2011-05-10 17:47:26 | 日々平安

  たまたまNHKを見ていたら、「きょうの料理」という番組をやっていて、手軽に肉じゃがを作る方法を紹介していた。見るともなしに見ていると方法がシンプルで自分でもできそうだった。

  大雑把に紹介すると、作業が3つの工程に分かれていて、
1 まず、「肉じゃがのもと」を作る。
2 材料のじゃがいもと玉ねぎは、あらかじめ電子レンジで加熱し串が通るほどのやわらかさにしておく。
3 炒めた肉に上記の材料を加え、適量の水と「肉じゃがのもと」を足したあと、落し蓋をして水分が飛ぶまで煮る。-以上である。間然するところがない。

  それに、「肉じゃがのもと」という(おうちゃくな)発想もネーミングもいい。ドラえもんの秘密のポケットから出てくる秘密兵器みたいだ。男は基本的にアホなので、こういう文章を見るとつい試してみたくなる。私もがぜんやる気になった。さっそく近所のスーパーに行った。「肉じゃがのもと」の材料は、昆布、干ししいたけ、ドライトマトとしょうゆ、酒、みりん、砂糖である。

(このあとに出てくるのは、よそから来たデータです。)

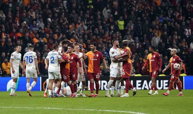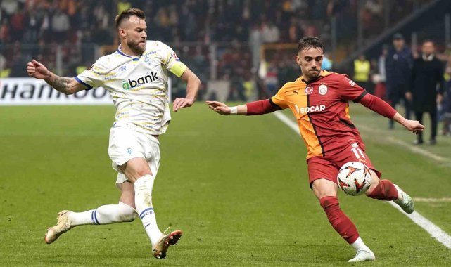 UEFA Avrupa Ligi 7. hafta mücadelesinde Galatasaray, konuk ettiği Ukrayna ekibi Dinamo Kiev ile 3-3 berabere kaldı.Maçtan dakikalar (İkinci yarı)49. dakikada sağ taraftan Mertens'in kullandığı kornerde Abdülkerim Baradakcı'nın kafa vuruşu sonrasında Barış Alper Yılmaz, arka direkte Tymchyk'ın müdahalesiyle yerde kaldı. Pozisyonun devamında mücadelenin hakemi Kristo Tohver, Barış Alper Yılmaz'a elle müdahale ettiğini işaret ederek, ikinci sarı karttan kırmızı kart gösterdi. Hakem Kristo Tohver, VAR'ın uyarısıyla pozisyonu izledi ve Barış Alper Yılmaz'a gösterdiği kartı iptal ederek penaltı noktasını gösterdi.53. dakikada kazanılan penaltı atışında topun başına geçen Osimhen, yaptığı vuruşta meşin yuvarlağı ağlara gönderdi. 3-163. dakikada sağ taraftan Barış Alper Yılmaz'ın yaptığı ortada penaltı noktası üzerinde iyi yükselen Osimhen'in kafa vuruşunda kaleci Neshcheret son anda meşin yuvarlağı kornere çeldi.68. dakikada sağ taraftan Pikhalonok'un kullandığı köşe vuruşunda Yarmolenko'nun arka direkte yaptığı vuruşta meşin yuvarlak filelere gitti. 3-281. dakikada sağ kanattan Buyalskyi'nin yaptığı ortada altıpas üzerinde iyi yükselen Yarmolenko, kafa vuruşunda meşin yuvarlağı kaleci Muslera'nın sağından ağlara gönderdi. 3-390+3. dakikada sağ kanattan Yusuf Demir'in yaptığı ortada kale önünde Osimhen'in kafa vuruşunda meşin yuvarlak kaleci Neshcheret'de kaldı.Hakemler: Kristo Tohver, Silver Koiv, Sander SagaGalatasaray: Muslera, Kaan Ayhan (Batshuayi dk. 86), Sanchez, Abdülkerim Bardakcı, Jabobs, Berkan Kutlu (Kerem Demirbay dk. 73), Torreira, Yunus Akgün, Mertens (Yusuf Demir dk. 90+1), Barış Alper Yılmaz (Jelert dk. 86), OsimhenYedekler: Batuhan Şen, Günay Güvenç, Nelsson, Berat Luş, Yalın Dilek, Efe Akman, Metehan BaltacıTeknik Direktör: Okan BurukDinamo Kiev: Neshcheret, Tymchyk, Bilovar, Mykhavko, Vivcharenko, Buyalskyi (Salenko dk. 87), Mykhailenko, Shaparenko (Pikhalonok dk. 46), Voloshyn (Yarmolenko dk. 46), Kabaiev (Guerrero dk. 74), Vanat (Ponomarenko dk. 90+4)Yedeler: Bushckan, Morgun, Diachuk, Rubchynskyi, Karavaiev, Dubinchak, BraharuTeknik Direktör: Oleksandr ShovkovskyiGoller: Sanchez (dk. 6), Abdülkerim Bardakcı (dk. 22), Osimhen (dk. 53 pen.) (Galatasaray), Vanat (dk. 45), Yarmolenko (dk. 68 ve 81) (Dinamo Kiev)Sarı kartlar: Barış Alper Yılmaz, Jaboks, Sanchez, Osimhen, Okan Buruk (Galatasaray), Shaparenko, Tymchyk, Pikhalonok, Mykhailenko, Vivcharenko (Dinamo Kiev)
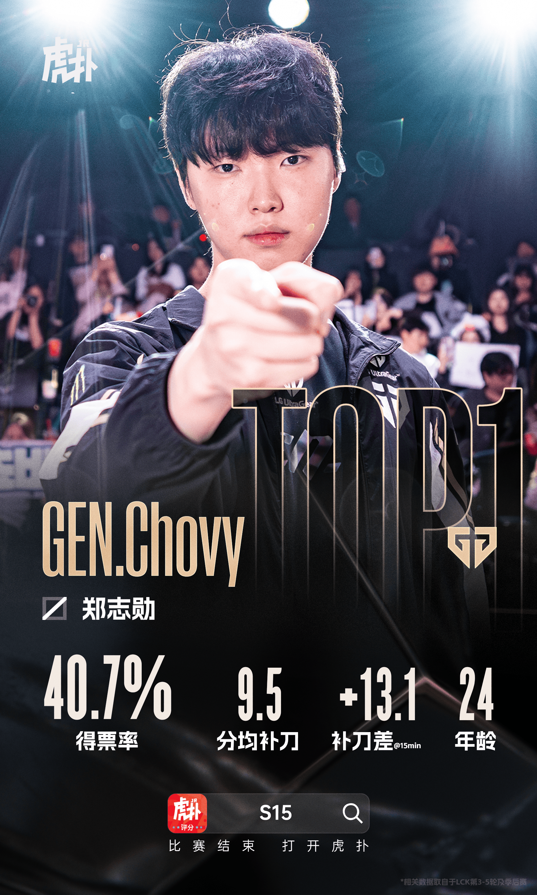 虎扑TOP20首日评选结果:Chovy当选TOP1选手
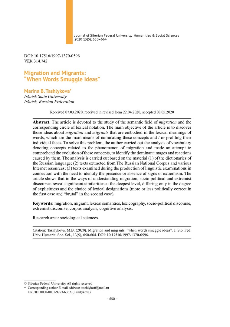 Библиографическое описание:Tashlykova, Marina. Migration and Migrants: "When Words Smuggle Ideas" = Mиграция и мигранты : "когда слова провозят мысль контрабандой" / M. B. Tashlykova. - Текст : непосредственный // Журнал Сибирского федерального университета. Гуманитарные науки. - 2020. - Т. 13, № 5. - С. 650–664. - Библиогр.: с. 663-664. - ISSN 1997-1370.
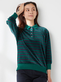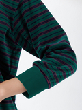 オリジナルのマルチボーダーは、大人っぽく着られるようグリーンを中心にネイビーやボルドーとの配色にこだわりました。コットンの起毛素材は肌にも優しく気持ちの良い素材感で、長く着ていただけます。
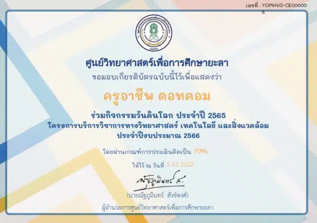 แบบทดสอบออนไลน์ เนื่องในวันดินโลก ประจำปี 2565 ผ่านเกณฑ์ 60% รับเกียรติบัตรทางอีเมล โดยศูนย์วิทยาศาสตร์เพื่อการศึกษายะลา
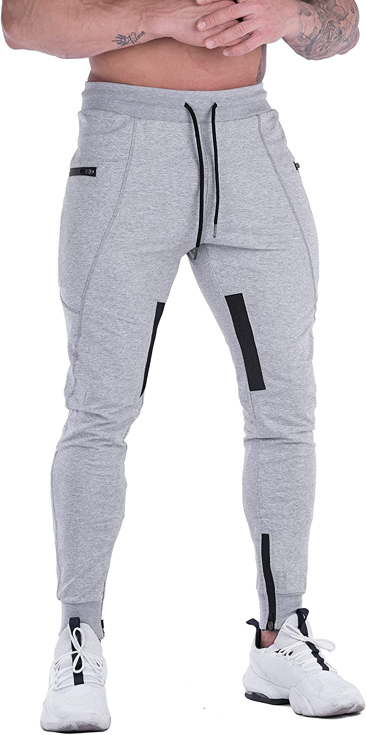 FIRSTGYM Mens Joggers Sweatpants Slim Fit Workout Training Thigh Mesh Gym Jogger Pants with Zipper Pockets
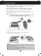 Connecting the Display Before setting up the monitor, ensure that the power to the monitor, the computer system, and other attached devices is turned off. Positioning your display 1. Adjust the position of the panel in various ways for maximum comfort. Tilt Range : -5˚~25˚ Swivel :350˚ Height Range : maximum 3.15 inch (80.00mm) 80.0mm First, remove the locking pin. Landscape & Portrait : You can rotate the panel 90o clockwise. (* For detailed information, please refer to the Pivot Software CD provided.

  昆布、干ししいたけはすぐ見つかった。しかしドライトマトが見つからない。そもそも、ドライトマト自体、それまで見たことも聞いたこともなかった。すぐ手に入らないとそれが気になって仕方ない。ネットで発注する方法もあるが、イタリアから輸入したものは結構値段が高い。おまけに送料もかかるし届くまで2,3日はかかる。とてもそれまで待つ気になれない。夜が明けたら、京都駅の伊勢丹まで行くことに決めた。その夜は人生でいちばん長い夜だった。

  ドライトマトは、伊勢丹まで行かずとも京都駅前のイオンモールのスーパーで買うことができた。トマトを半分に切り、塩をして天日に干す-それだけのものらしいが、「肉じゃがのもと」の新しさはドライトマトを使うところにある、そんな気がしていた。レシピ通り正確に分量を計り、(100均までわざわざ買いに行った)ガラス容器に「肉じゃがのもと」を作った。冷蔵庫で一日置けば次の日から料理に使える。それは冷蔵庫の中でキラキラ輝いていた。

  ところで、自慢に聞こえたらご容赦願いたいが、私が作れる料理は3つある。
ひとつはカレーライス。これは、にんにくをたっぷり入れ、材料を長時間ぐつぐつ煮込めばそれなりの味になる。ふたつめは餃子である。これはいかに根気よく材料を刻むかにかかっている。玉ねぎ、キャベツ、白菜、ニラ、椎茸などをひたすら包丁で刻む。そしてもうひとつのポイントは、ミンチ肉ではなく安くてもいいから豚のこま切れ肉を使うことである。王将の餃子をおいしく食せる人(当然私も含まれる)であれば、お手製の餃子はその何倍もおいしいと請合える。最後はポテトサラダである。このレシビは、帝国ホテルの総料理長だった村上信夫氏直伝のものである。今まで何度か作ったが評判もいい。しかし「肉じゃが」については、男にとって手に余る料理だとおもっていた。なにせ、おふくろの味の常連料理である。というわけで、肉じゃががレパートリーに加われば、私の料理のリストは燦然と輝きだすだろう。
 
  男の料理、なんてカッコウつけても、その内実は単に初心者であるということの言い換えに過ぎない。要するに、「たかのくくり方」がわからないのである。それで、重要なことも瑣末なことも、レシピの一言一句に忠実に作らないと不安になる。ふだん当たり前に料理をつくっている奥さんから見れば、その有様は大仰にも、ことさら格好をつけているようにも見えるだろう。でもそこで、いいたい一言をぐっと我慢してほしい。いや、奥さんのおっしゃるひと言が正しいという点ではまったく異存はない。ただ、男は料理をつくりながら、どんなゴールに辿りつくのかという不安と懸命に戦っている。だからアドバイスに耳を貸す余裕がない。そのあたりの事情を汲んで、せめて無言で、或いはそれがひとこと励ましの言葉だったら゛望外の喜びである。

  それはさておき、某日、すべての準備を整えて私は台所に立った。いそいそと材料を切り、レンジにかけ、肉を軽く炒め、なべに移した材料に秘伝のタレと水を加えた。あとは落し蓋をしてひたすら煮るだけである。時間がたち、落し蓋を上げると、そこにはまぎれもない「肉じゃが」ができあがっていた。勿論、不足がないわけではない。じゃがいももにんじんも柔らかすぎたし、味も少し薄かった。絹さやも(早く入れすぎたので)鮮やかな緑が色あせていた。それでも、それは、肉じゃが以外の何物でもなかった。わたしにとってはそれで十分だった。いずれにしても、男の料理にできばえを問うのは「いとあぢきなきことなり」といわせてほしい。おだてれば豚も木に登る。いわんや男をや。